REQUIRED WORK: With the pictures set aside, write out all of the data exactly as it stands.

Top of SUPPLIED MATERIAL

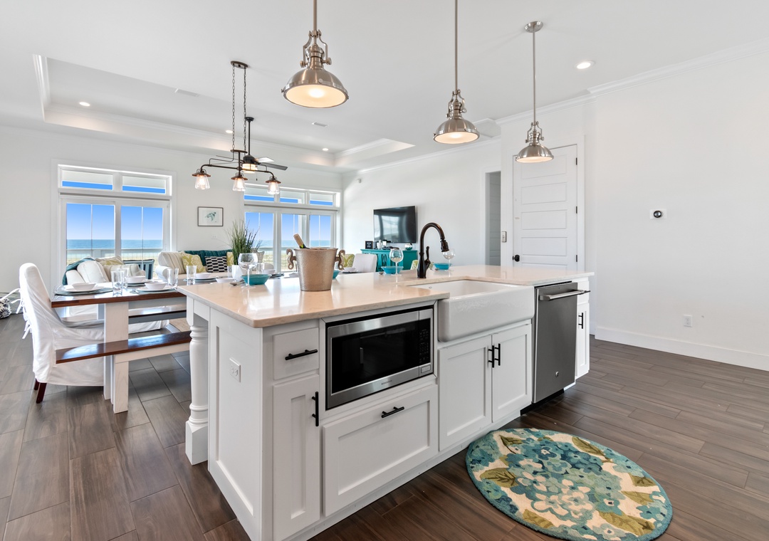 Up one flight is the large open concept great room where you'll find a large gourmet kitchen, dining table seating 12, breakfast bar seating 4 and large living area with more comfortable seating and flat screen TV. The second sofa sleeper is here.
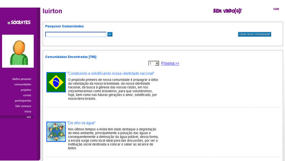 pode pesquisar entre as comunidades existentes no SÓCRATES
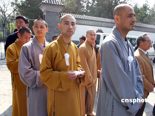图为北京法源寺僧侣佩带白花出席追悼会。

Bottom of SUPPLIED MATERIAL

ANSWER FOR THE TASK:
 Up one flight is the large open concept great room where you'll find a large gourmet kitchen, dining table seating 12, breakfast bar seating 4 and large living area with more comfortable seating and flat screen TV. The second sofa sleeper is here.
 pode pesquisar entre as comunidades existentes no SÓCRATES
图为北京法源寺僧侣佩带白花出席追悼会。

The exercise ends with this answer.